This week in “Thanks, Internet” — a graphic novel in GIFs, words of wisdom from Werner Herzog, Stephen Colbert's desk shenanigans, "Love Actually" meets "Peanuts," and Christopher Lee makes metal music for Christmas.
1. The Future of the GIF?
The English indie-rock band Wild Beasts and the visual artist Mattis Dovier teamed up to create the first graphic novel in GIFs this week. Actually, they made two. The first is about a robot exploring a human’s world and the second is about a human exploring a robot world. It’s anime-inspired black-and-white animation and it might just be the future. A whiskey company sponsored the whole affair because GIFs are good for business in 2014.
2. Herzog Inspirationals
Our favorite new Tumblr is Herzog Inspirationals — a send-up of inspirational posters featuring the hopeless observations of Werner Herzog on otherwise innocuous images. It's hard to pick a favorite and we look forward to the meaningless, interminable existence of this blog.
3. Remembering a Roomy Desk
Stephen Colbert files his final Report next Thursday, and he’s going out in style with Kendrick Lamar, Seth Rogen, and one President Obama. In addition to retiring his beloved conservative pundit character, we can assume Colbert will say goodbye to a host of successful gags.
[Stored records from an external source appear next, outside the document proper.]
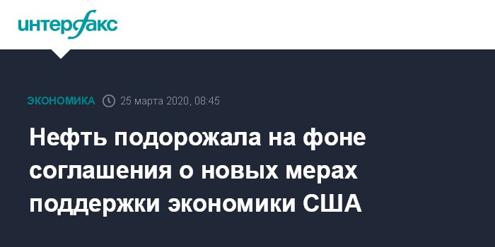 Москва. 25 марта. INTERFAX.RU - Цены на нефть эталонных марок уверенно растут на новостях о достижении в ночь на среду сенаторами-демократами и администрацией Дональда Трампа соглашения по $2-триллионному пакету мер стимулирования экономики в условиях пандемии, вызванной коронавирусом COVID-19.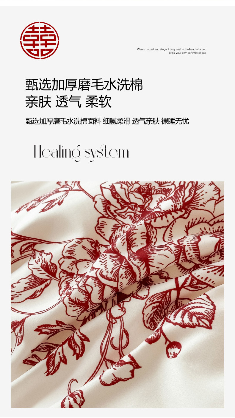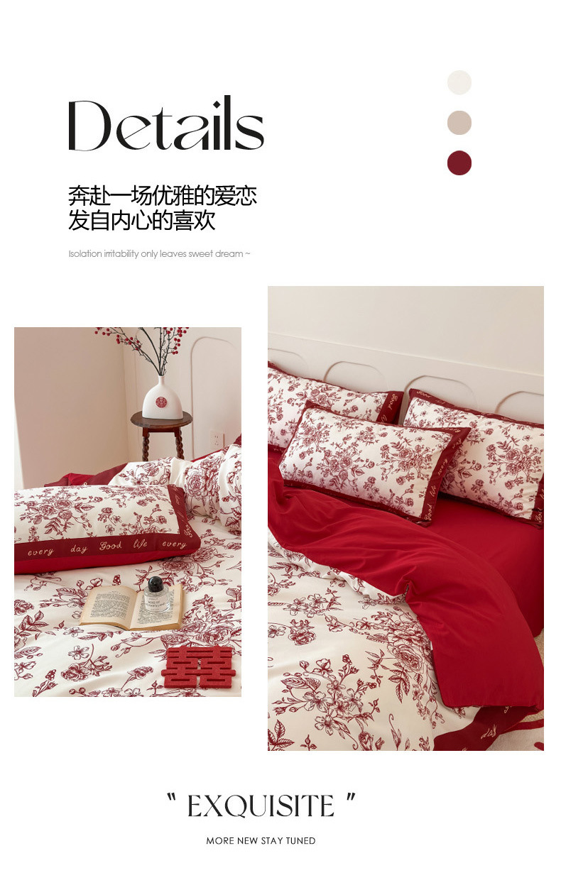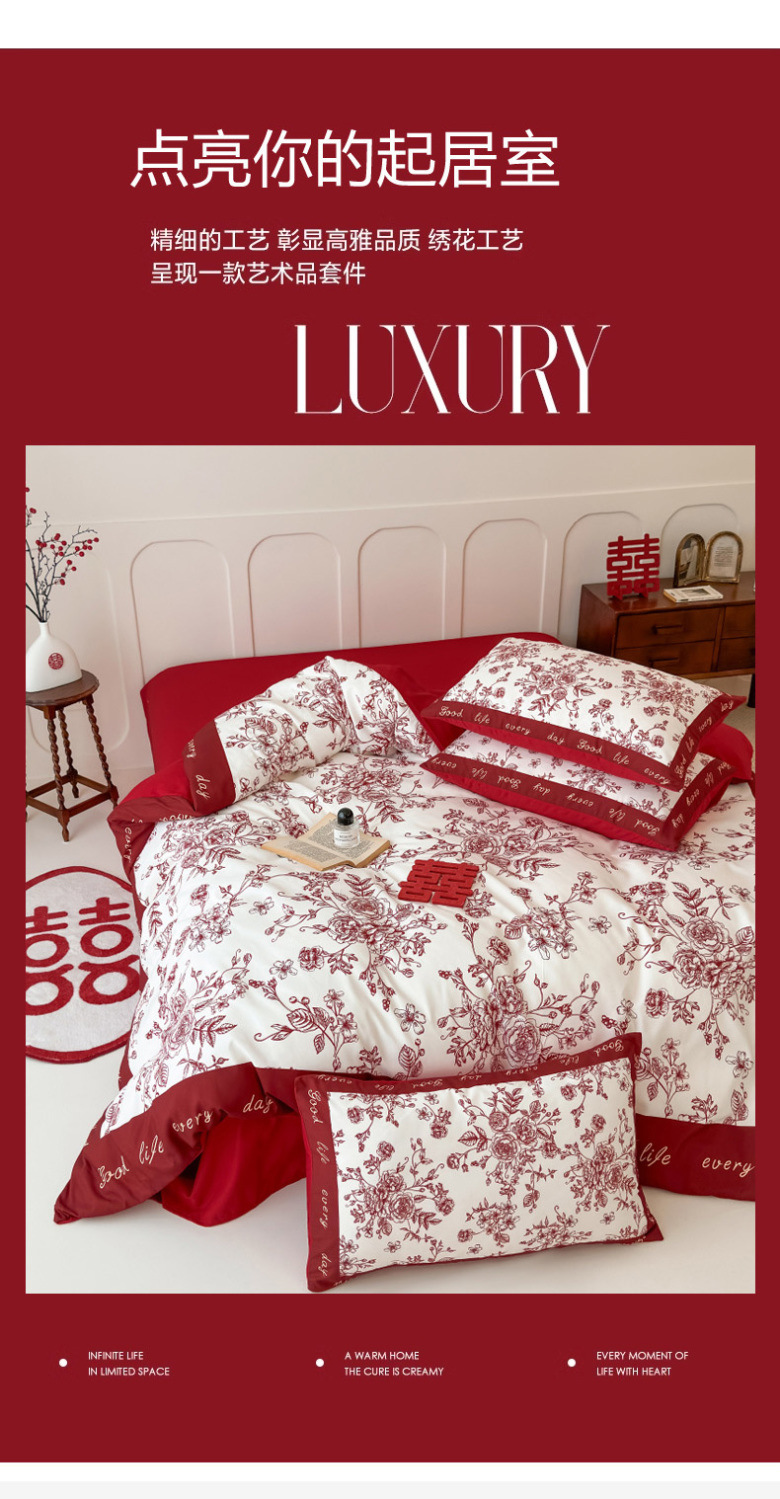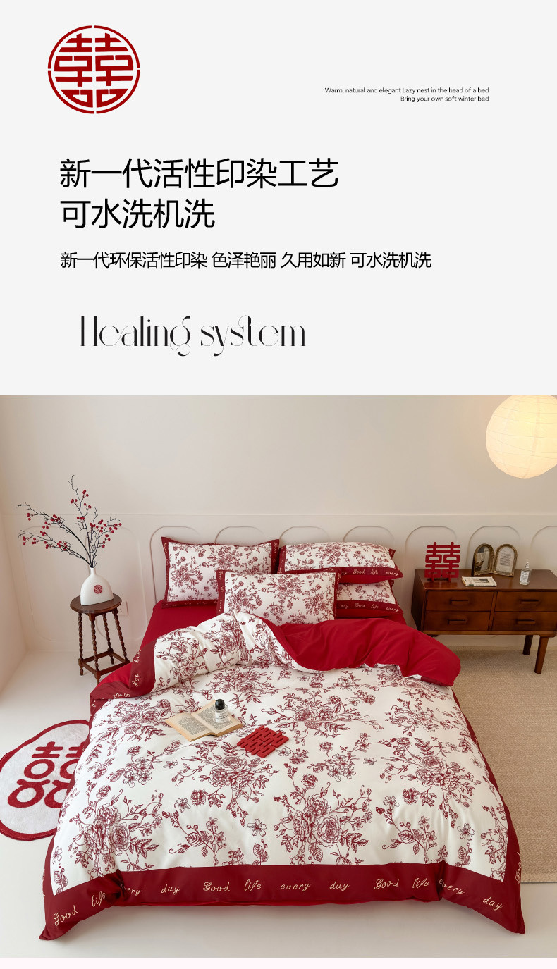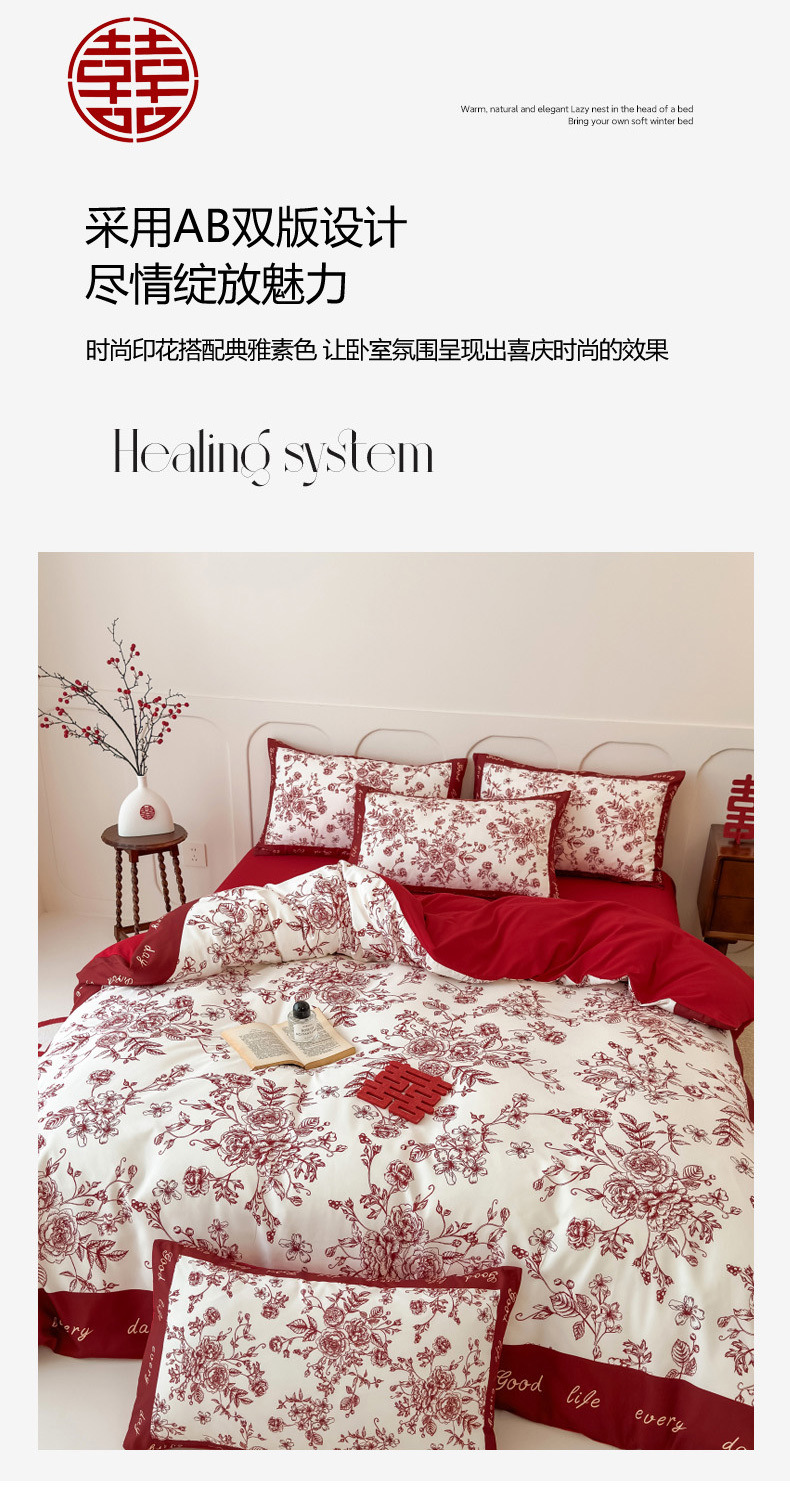간단한 결혼식 현대 결혼식 4 조각 빨간 침대 시트 인쇄 된 퀼트 커버 웨딩 코튼 침구 결혼식 동반스토어 가기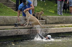Over the weekend David, having completed nearly 100 miles of arduous swimming, even stopped swimming for a short while to turn around and help and help a struggling dog, who had jumped into the water, to safety.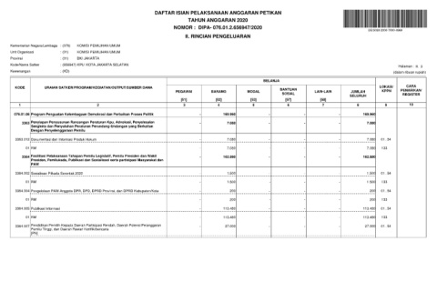 Kode/Nama Satker : (656947) KPU KOTA JAKARTA SELATAN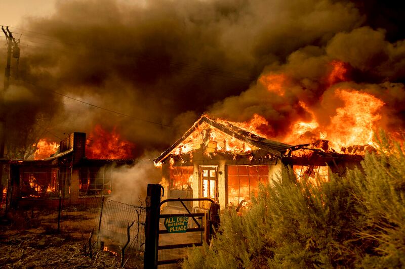 Beckwourth Complex Fire Fire consumes a home as the Sugar Fire, part of the Beckwourth Complex Fire, tears through Doyle, Calif., on Saturday, July 10, 2021. Pushed by heavy winds, the fire came out of the hills and destroyed multiple residences in central Doyle. (AP Photo/Noah Berger) (Noah Berger/AP)

His team sent one of them off with a supercut this week: a web exclusive of everything he’s ever pulled out from behind his desk, from food, to small animals, to bigger animals, to people, to groups of people, to an entire family. We'll miss The Report, and that super-spacious desk.
4. Love Actually vs. Peanuts
Love it or hate it, Love Actually has become a Christmas classic. Well aware of that fact, BuzzFeed’s Jen Lewis took quotes from the movie and tacked them onto Peanuts comics this week. It works really well.
5. Christopher Lee's Heavy Metal Christmas
Christopher Lee, the 92-year-old English actor from The Wicker Man, The Lord of the Rings trilogy, and the Hammer Horror films, has released his third annual Christmas song. Like the two that preceded it, the song features Lee's still-strong baritone over poppy metal riffs. “Darkest Carols, Faithful Sing” makes me hope I'm a fraction as productive as Lee is at 92. Or tomorrow, for that matter.